Measure on a large area of green grass and recompose your picture using that exposure. You should be very close. Measure on a large area of sky right behind a subject, provided the sun isn't shining in your camera [NOTE: NEVER point your camera at the sun, especially if you are looking through it. Not only can it damage your camera, but it can also permanently damage your eyesight], recompose and shoot.
Another method is to measure a typical, average skin tone. A face, a hand, a back can all provide a good basis for an exposure. Make sure the skin tone is in the light source you are using and not in the shade. Also, remember that an average skin tone is one stop lighter than 18% grey. This means that your meter will give you a reading that makes the skin grey and you want it one stop lighter. Either open up your lens one stop from the exposure, or slow down the shutter speed one stop from the exposure. Letting in more light will make the skin lighter than 18% grey and your exposure should be right.
The fifth rule of basic exposure: You can use an average skin tone in the light source of your photograph and open up one stop from the reflected meter reading.
Using A Spot Meter
The advantage of a spot meter is limiting the area your meter uses to obtain an exposure value - a face in a crowd, a small patch of color. The large area averaging meter may not be able to focus on the area you want to get an exposure reading from. Other areas in the scene may adjust the exposure value from what it should be. A spot meter gets rid of that potential for error and quickly allows for an exposure reading on a small part of the picture.
This can become especially important when determining an exposure on a subject with backlighting. You first need to determine what part of the scene should be 18% grey and then use the spot meter to obtain an exposure value. While this concept is more advanced and I will address it in a future article, the basics steps are few. The hard part comes in the first step and that can only be learned through trial and error.
The first step is finding what area of the scene should be rendered 18% grey. If we use our color chart above, then we know red, green and blue would provide that value for us. If you use a sunset as an example, find an area off to the side of the sunset with either a) red clouds and sky or b) 18% grey clouds. Use the spot meter to measure an exposure and shoot away.

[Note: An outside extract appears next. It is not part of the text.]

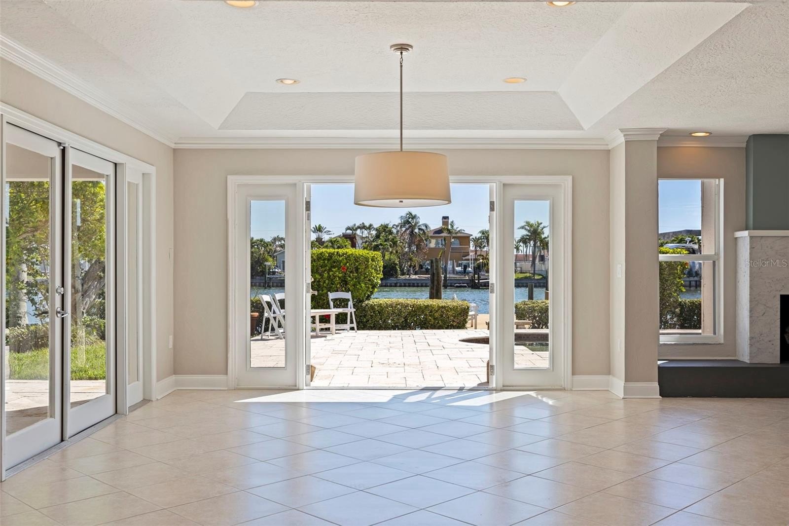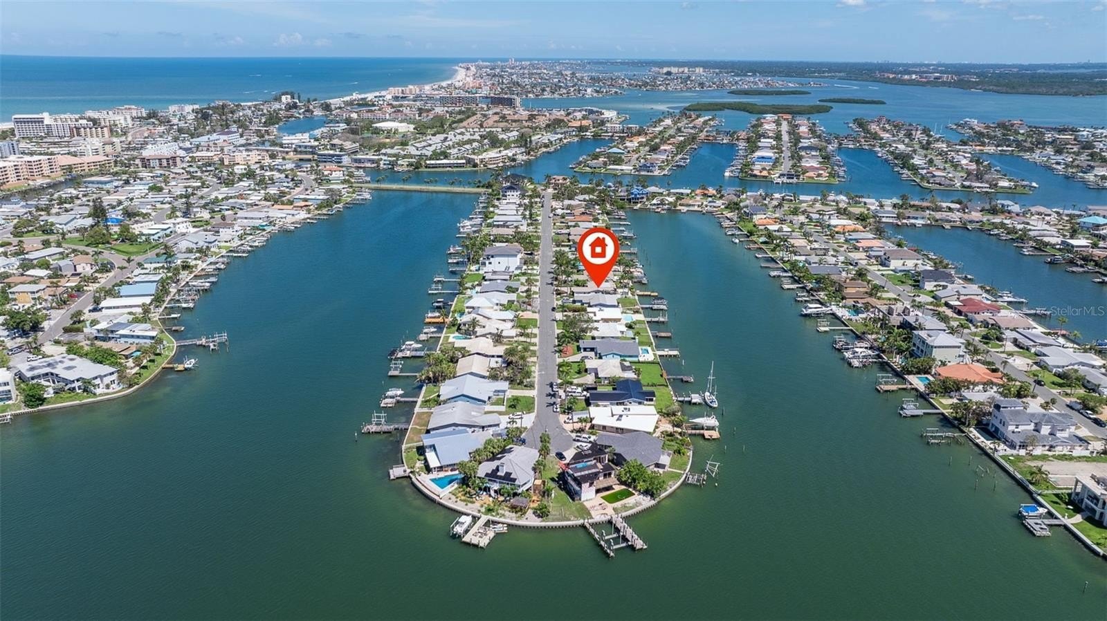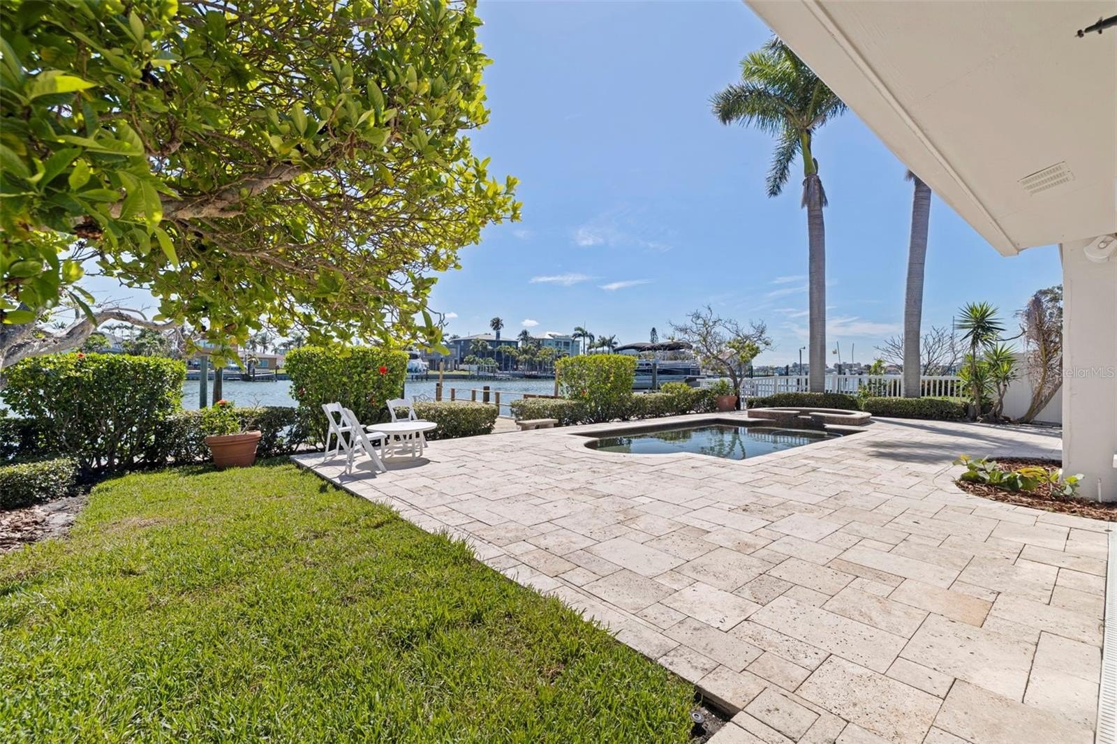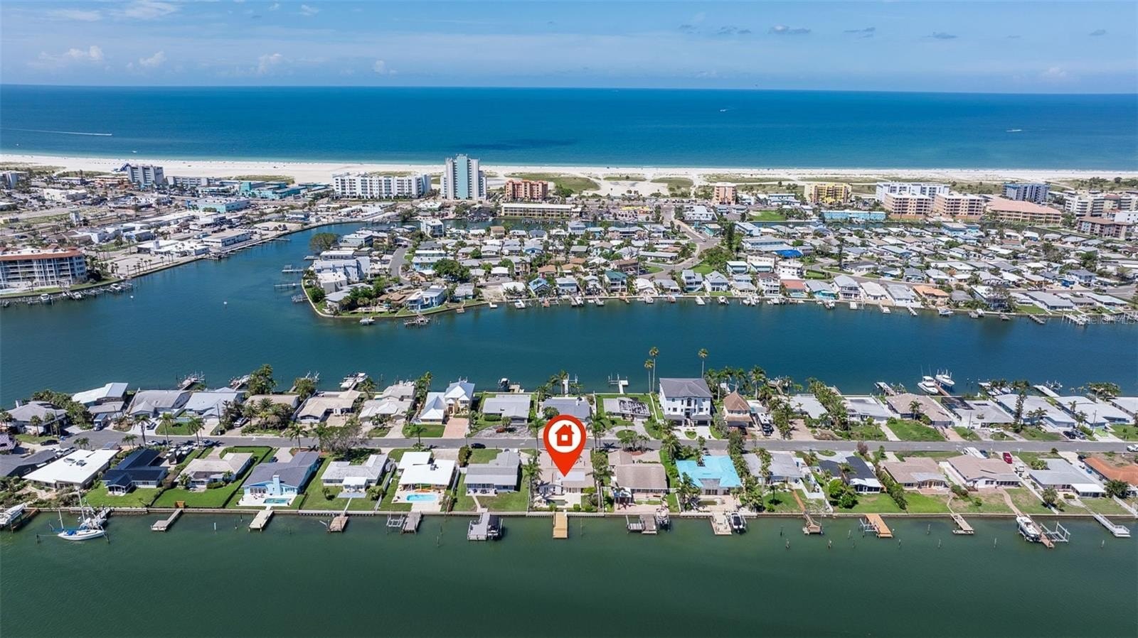 Welcome to this exceptional Isle of Palms waterfront residence, located in the charming community of Treasure Island. This stunningly renovated, 3-Bedroom, 2-Bathroom, 2-Car Garage, executive pool home with dock, is situated on an extra wide “sailboat water” canal with easy, immediate access to Boca Ciega Bay and the Gulf Of Mexico. As you enter through the gated private courtyard and the paired glass entry doors, an immediate feeling of comfortable elegance is apparent. The entry foyer is graced with waterfront views that bring a peaceful and light-filled ambiance to the open family living spaces. The large, open kitchen is at the center of the home, featuring expansive granite countertops and solid wood cabinets, and brand new stainless steel appliances. Generous storage is provided, and the entertaining area features comfortable bar seating for at least 3 -4 people. The spacious formal dining area boasts a tray ceiling and room for a large dining table, easily seating 8 guests. Glass french doors open from the dining area to the spacious covered lanai and pool deck and offer expansive views to the waterfront and beyond. The formal living room features an elegant gas fireplace. This residence is designed with a split floor plan with the two secondary bedrooms on one side of the home. This wing features a beautifully updated hall bathroom with a gorgeously tiled waterfall steam shower with frameless glass enclosure, and granite-topped floating vanity, servicing the secondary bedrooms as well as serving as a powder room for guest use. The two secondary bedrooms are generously sized with ample closet space and the secondary bedroom on the rear of the home features paired glass doors leading out to the sparkling pool and spa. There are lovely plantation shutters throughout the home offering privacy and a sophisticated look and feel. The very private and peaceful primary suite offers a tranquil retreat for the homeowner(s) including a spacious spa-like primary bathroom with vaulted ceiling, a deep Kohler soaking tub in which to relax away the stress of the day, a spacious walk-in shower with a frameless glass enclosure, and a modern vanity with granite top. The luxury of this residence extends to the lush and private outdoor living spaces of the covered lanai and the beautiful paver deck, surrounding the beautiful pebble-tec pool and spa which overlooks the tranquil waters of Boca Ciega Bay. The home is perfect for boaters as it offers a large private dock with wood decking and water and electrical service. The seawall has been replaced with PVC sheet pile and a very substantial concrete cap. The home’s roof was replaced in March of 2023 and the exterior was newly painted in August 2023. Let your cares fade as you relax poolside listening to the sounds of the breeze through the palms and watch the dolphins play in the canal. The pristine beaches and sparkling waters and sunsets of Treasure Island's world renown beaches and nightly sunsets are less than a 1/2 mile away.

ConclusionExposure is tricky and nothing beats practice. An incident light meter is not a piece of equipment that most beginning photographers have, but is the easiest to use and get a great exposure. A spot metering system will greatly enhance your ability to get a proper exposure in odd lighting situations. My personal goal is to get a great exposure the first time and not have to waste film bracketing all over the place. Software can help adjust exposures, but nothing takes the place of getting a great exposure in the camera to start with.

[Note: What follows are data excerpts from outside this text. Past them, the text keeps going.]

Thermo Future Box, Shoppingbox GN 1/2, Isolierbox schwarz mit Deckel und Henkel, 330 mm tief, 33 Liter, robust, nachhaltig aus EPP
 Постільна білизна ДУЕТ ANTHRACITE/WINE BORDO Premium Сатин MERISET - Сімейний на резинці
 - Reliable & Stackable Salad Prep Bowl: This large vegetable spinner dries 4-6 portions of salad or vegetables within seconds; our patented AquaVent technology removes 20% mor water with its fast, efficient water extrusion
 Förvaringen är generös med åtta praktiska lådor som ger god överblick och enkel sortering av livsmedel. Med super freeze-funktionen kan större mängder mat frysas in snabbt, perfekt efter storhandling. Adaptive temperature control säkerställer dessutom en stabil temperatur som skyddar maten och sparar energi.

My favorite source for learning about exposures is a great book by Jim Zuckerman, Perfect Exposure: Jim Zuckerman's Secrets to Great Photographs. I highly recommend picking up a copy, reading it, re-reading it and practicing it. I even go back and take notes on 3x5 index cards to take in the field until it becomes habit. Zuckerman's philosophy is to get the exposure perfect the first time and not bracket except in very special situations. In addition, this book has a very high volume of example pictures showing where Zuckerman took his measure and whether he used average reflecting, spot reflecting or incident light measurements. It really is a great book.